Professor Simon Morgan Wortham, associate dean (Research), School of Humanities with Eason Chan; Julius Weinberg Vice-Chancellor Professor; and Dr Heather Forland, director, Kingston International"What does success mean to me? I'm still striving and I'm still learning. In my opinion, success is having a kind and loving heart. That's the best. Nothing beats that."

This was the message to graduates from chart-topping Cantopop star Eason Chan on Friday 24 January, when Kingston University presented him with an Honorary Doctor of Arts at a graduation ceremony for the Faculty of Arts and Social Sciences, almost 20 years after the singer cut short his architecture studies at the University.

At the graduation ceremony at the Rose Theatre, director of Kingston International, Dr Heather Forland said: "There may have been a loss to architecture, but there was clearly a gain to the world of music."

Eason Chan delighted the crowd of graduates and their families by bursting into an impromptu rendition of Monty Python's 'Always Look on the Bright Side of Life' as he picked up his award. "Following your dreams is important but following your heart is vital," he said. "When I first received the invitation, I was flattered but I didn't think I deserved it as I hadn't finished my degree. But then, I showed the letter to my father and he said he always felt I'd owed him a degree in return for the excellent education he had paid for. The more I thought about it, the more I realised what a wonderful honour and brilliant recognition of my achievement in music this is."

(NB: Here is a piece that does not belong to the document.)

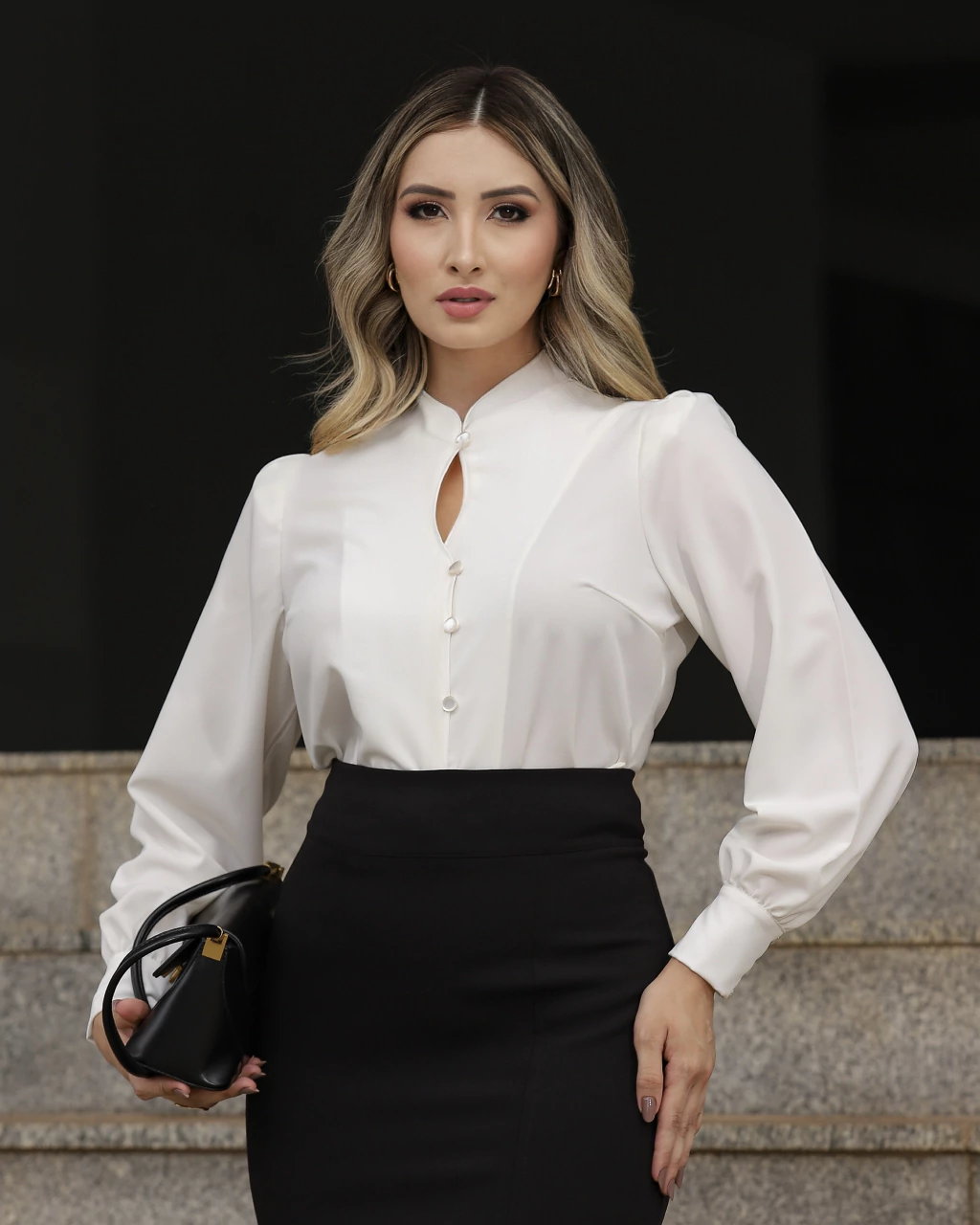 Modelagem: manga solta (bufante), comprimento rente ao quadril (não é curta), tecido extremamente gostoso ao toque e caimento impecável. Possui botões perolados e acabamento em cetim. Prazer, sua camisa perfeita!

At a packed press conference in the Rose Theatre Studio after the graduation ceremony, Vice-Chancellor Professor Julius Weinberg said Kingston was proud to honour such a successful former student. "I am delighted to have someone here who really exemplifies the values of the University," he said. "Not just his position, but also a singer, an actor and a philanthropist." Julius went on to point out to the assembled press that Eason has always been a high achiever: "Kingston's School of Architecture is amongst the best 50 architecture schools in the world – so he did pretty well to get a place here."

Eason Chan was clearly emotional about this latest achievement, saying: "I'm still not quite used to being called Dr Chan or Dr Eason. This Honorary Doctorate gives me something to look forward to now, and more of a responsibility to do well. Education is one of the most important things for the world, and I will keep learning, and try to be a good doctor."

As well as questions from the press, the conference gave a few new graduates the chance to speak to Eason. When former KUSU president TJ asked him for practical advice for young musicians, the new hon doc said: "For performing artists it's very hard for us to be sensible. We're emotional and sensitive. Meditation is very important, and exercise. Learn to focus. Follow your heart when you do it. Try spending 15 minutes to yourself today to clear your mind and your heart."

Eason Chan says honorary doctorate is a wonderful honourBo Lin, who had just graduated with a Film Making MA said: "It was amazing to graduate alongside Eason. I loved his speech. It was a big surprise, and I think it's an important thing for China and Asia. I am a fan of his, not just his music, but his style and his personality. He's a good guy." Bo Lin attended the graduations with his girlfriend, current Fashion and Creative Economy MA student Si Chen, who chose to come to Kingston because Eason Chan had attended the University.

Half an hour after the press conference Eason Chan was still talking to new Kingston graduates and fans outside the theatre and reports of his award were starting to appear on news sites around the world.